- [Problem to solve]: The material below holds the lines to copy: from the one with "2、棱彩装备推荐 神圣分离者" up to and including the one with "Thread Changes |". Copy them exactly and skip the pictures.

- [Information shown]:
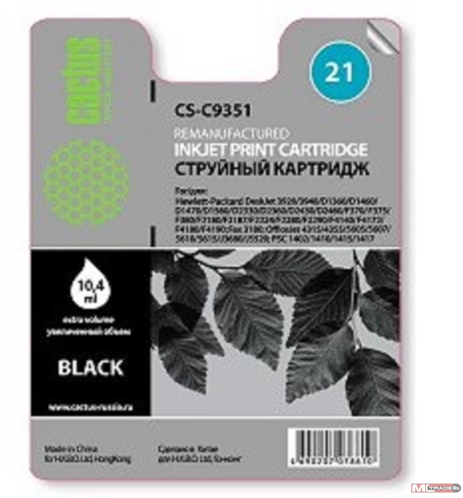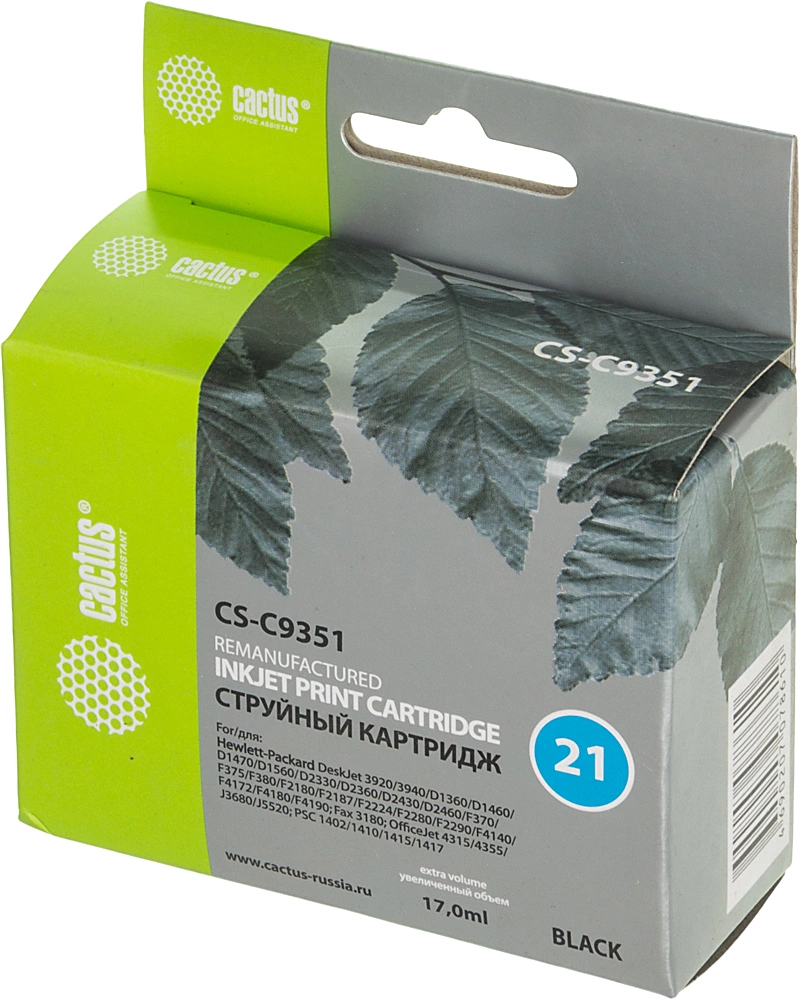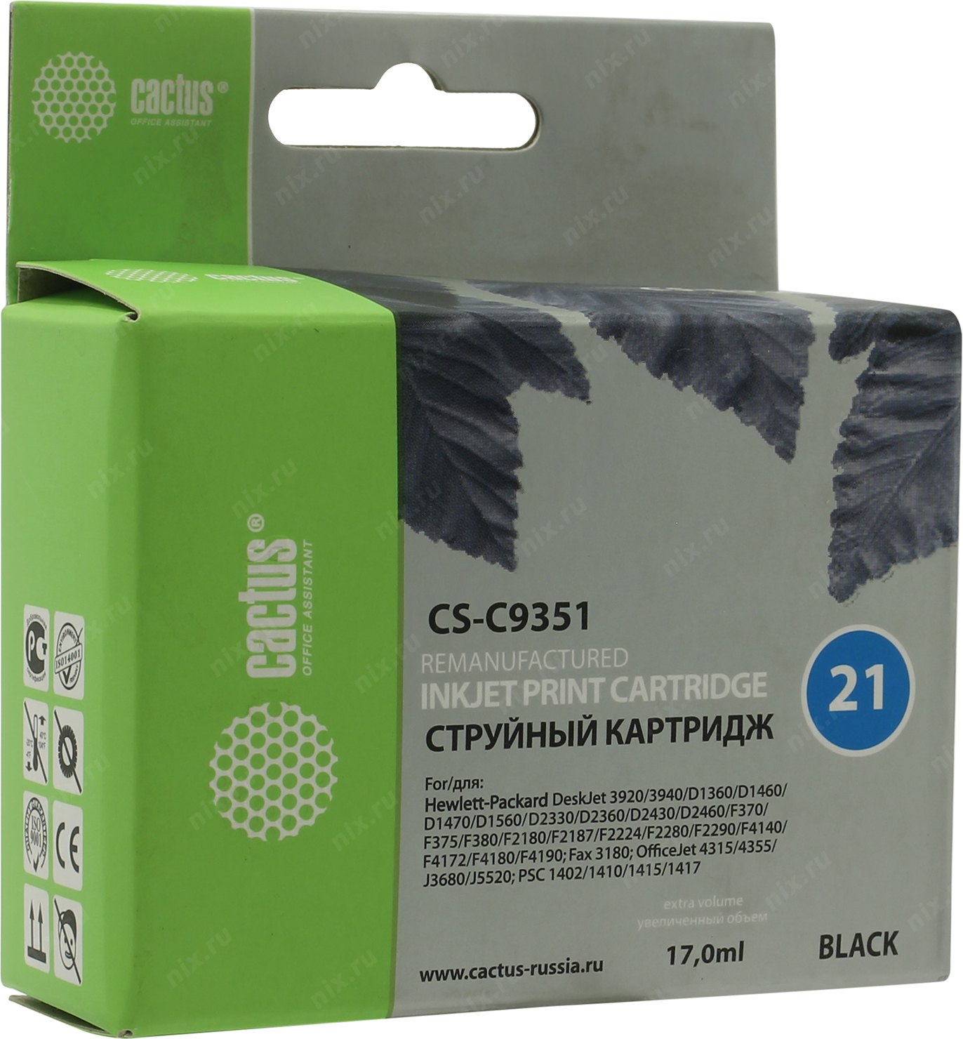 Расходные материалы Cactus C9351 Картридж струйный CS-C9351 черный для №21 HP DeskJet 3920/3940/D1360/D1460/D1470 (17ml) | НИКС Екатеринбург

...

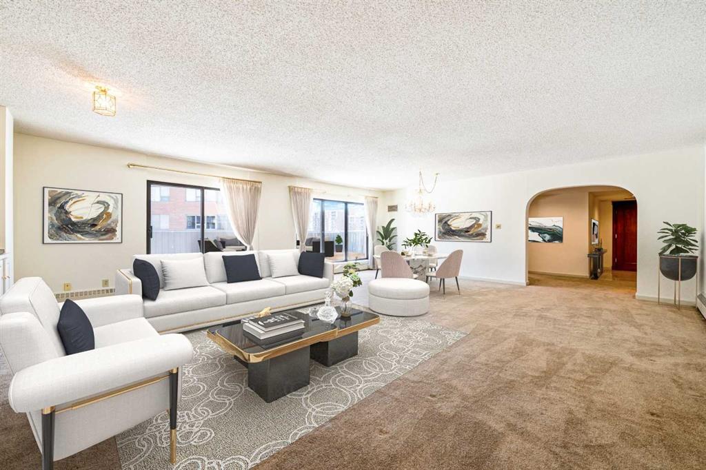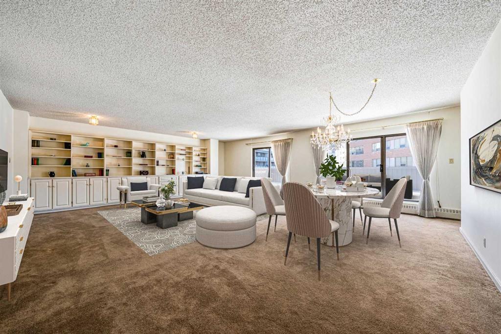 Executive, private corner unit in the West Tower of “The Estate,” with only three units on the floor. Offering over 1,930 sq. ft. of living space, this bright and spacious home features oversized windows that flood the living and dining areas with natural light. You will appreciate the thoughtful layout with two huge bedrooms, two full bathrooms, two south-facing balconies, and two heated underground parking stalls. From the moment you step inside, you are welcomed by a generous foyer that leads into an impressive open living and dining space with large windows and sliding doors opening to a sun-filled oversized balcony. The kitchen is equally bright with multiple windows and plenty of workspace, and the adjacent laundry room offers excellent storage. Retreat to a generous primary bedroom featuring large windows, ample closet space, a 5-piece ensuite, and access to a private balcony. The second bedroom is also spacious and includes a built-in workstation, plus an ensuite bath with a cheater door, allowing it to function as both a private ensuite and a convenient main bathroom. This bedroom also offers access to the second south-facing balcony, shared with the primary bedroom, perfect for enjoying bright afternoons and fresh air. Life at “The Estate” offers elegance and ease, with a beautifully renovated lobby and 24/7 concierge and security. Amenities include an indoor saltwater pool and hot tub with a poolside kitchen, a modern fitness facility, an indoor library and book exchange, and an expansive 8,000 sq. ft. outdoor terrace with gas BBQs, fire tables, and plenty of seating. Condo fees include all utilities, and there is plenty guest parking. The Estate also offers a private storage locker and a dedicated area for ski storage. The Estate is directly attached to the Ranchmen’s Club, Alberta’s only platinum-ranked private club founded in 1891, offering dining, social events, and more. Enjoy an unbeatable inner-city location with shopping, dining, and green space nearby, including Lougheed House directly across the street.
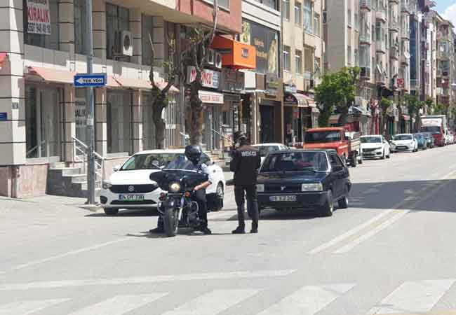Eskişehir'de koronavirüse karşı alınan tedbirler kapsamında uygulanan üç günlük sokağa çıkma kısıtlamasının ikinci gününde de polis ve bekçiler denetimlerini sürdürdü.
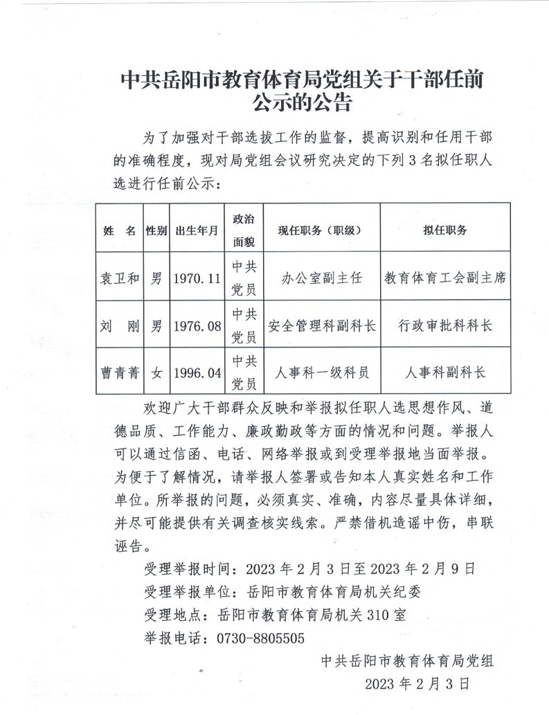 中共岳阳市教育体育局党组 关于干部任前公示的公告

---

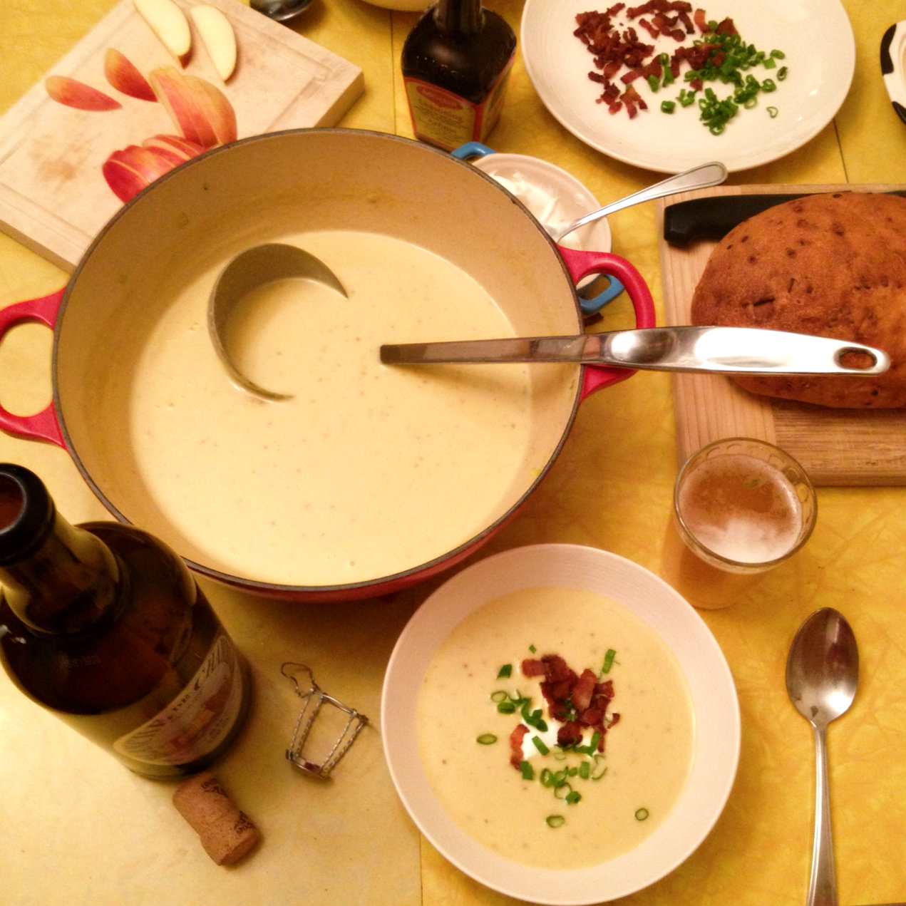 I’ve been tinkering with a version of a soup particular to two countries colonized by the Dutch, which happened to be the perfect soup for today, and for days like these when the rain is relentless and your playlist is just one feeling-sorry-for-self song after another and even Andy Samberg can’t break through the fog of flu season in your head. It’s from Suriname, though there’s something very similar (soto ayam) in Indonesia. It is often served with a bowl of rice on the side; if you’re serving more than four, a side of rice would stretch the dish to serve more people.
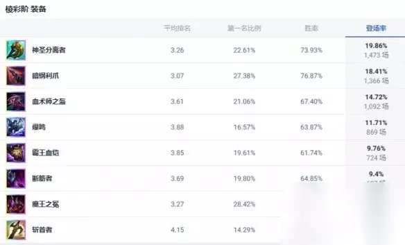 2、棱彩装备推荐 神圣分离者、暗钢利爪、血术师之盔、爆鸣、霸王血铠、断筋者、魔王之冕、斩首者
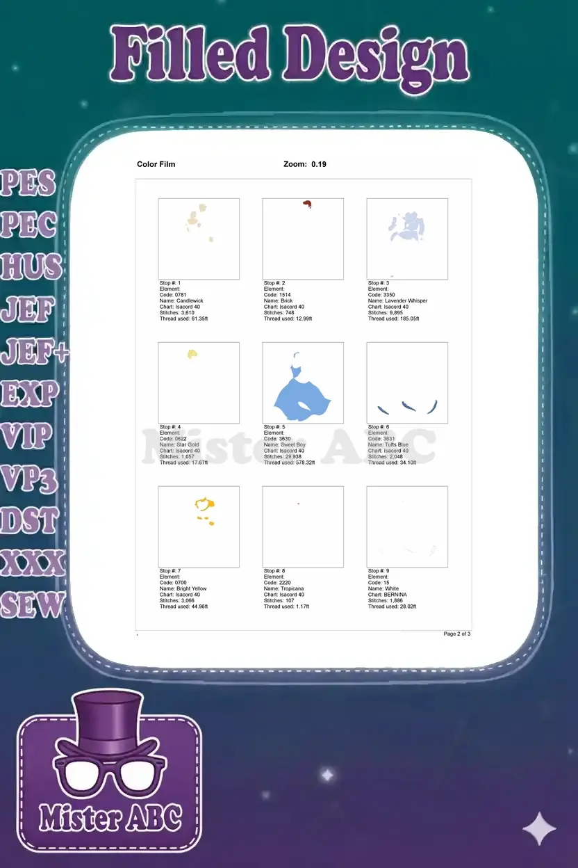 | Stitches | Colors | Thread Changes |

- [Solution]:
 2、棱彩装备推荐 神圣分离者、暗钢利爪、血术师之盔、爆鸣、霸王血铠、断筋者、魔王之冕、斩首者
 | Stitches | Colors | Thread Changes |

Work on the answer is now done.